Allí, un centro público evaluó su caso. El comité de ese centro confirmó el diagnóstico que le habían dado sus médicos del Gregorio Marañón: su bebé moriría nada más nacer. Nunca olvidará las palabras del ginecólogo que la atendió. “Reyes, en la primera bocanada de aire que tome tu hijo se puede morir”, le dijo. Esa valoración fue decisiva. A las 33 semanas, interrumpió su embarazo, a miles de kilómetros de su casa. y alejado del resto de sus familiares y amigos, ocultando todo el proceso «como si estuviera haciendo algo mal». «Muchos se van a enterar ahora», confiesa.

Reyes asegura que su caso no es aislado. «Nos echan para poder ejercer un derecho», insiste.
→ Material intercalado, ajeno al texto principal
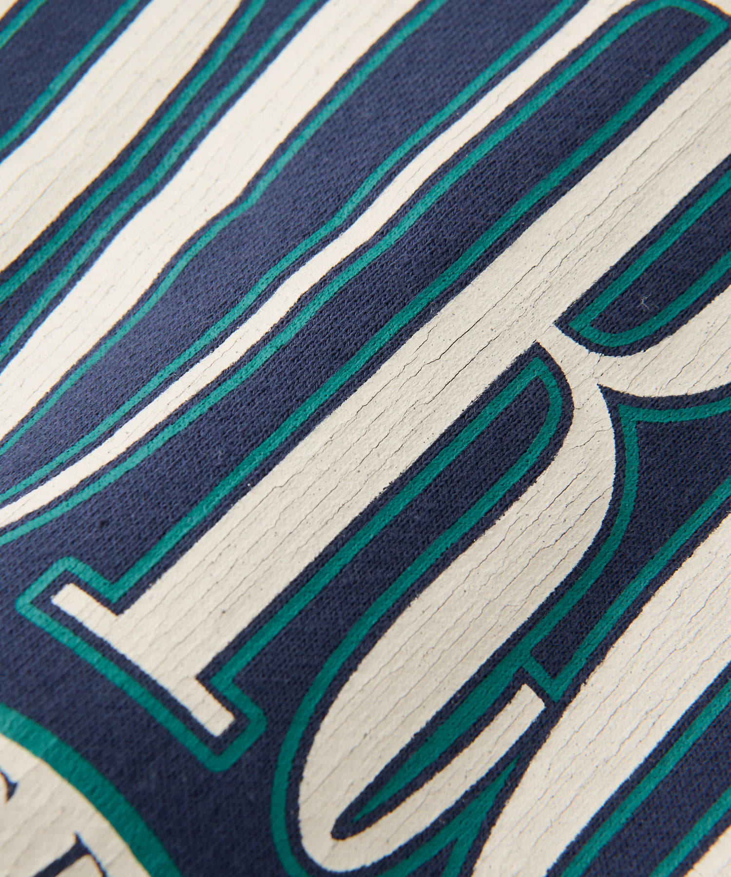 Discoatらしい拘りの配色使い、プリント部分は雰囲気を演出するひび割れのような加工を施したヴィンテージ感あるデザインが特徴です。

Ahora cuenta su historia porque se siente fuerte, pero también sabe que esto sigue pasando. «Estamos en 2026 y las mujeres siguen saliendo de su comunidad autónoma y de su país para interrumpir sus embarazos», añade. Además, pide poder hacerlo en España y con los médicos que la atienden desde el minuto uno, «en la sanidad pública, que es en la que confiamos».

La mujer confía en que esa red de mujeres que lleva años tejiendo -en la que se ayudan entre sí para saber qué hacer y cómo actuar- desaparezca y quede en el pasado. Que se convierta en el tipo de historias que las abuelas cuentan a sus nietas, como le pasó a ella, y no verse ella misma siendo protagonista como nunca se había imaginado.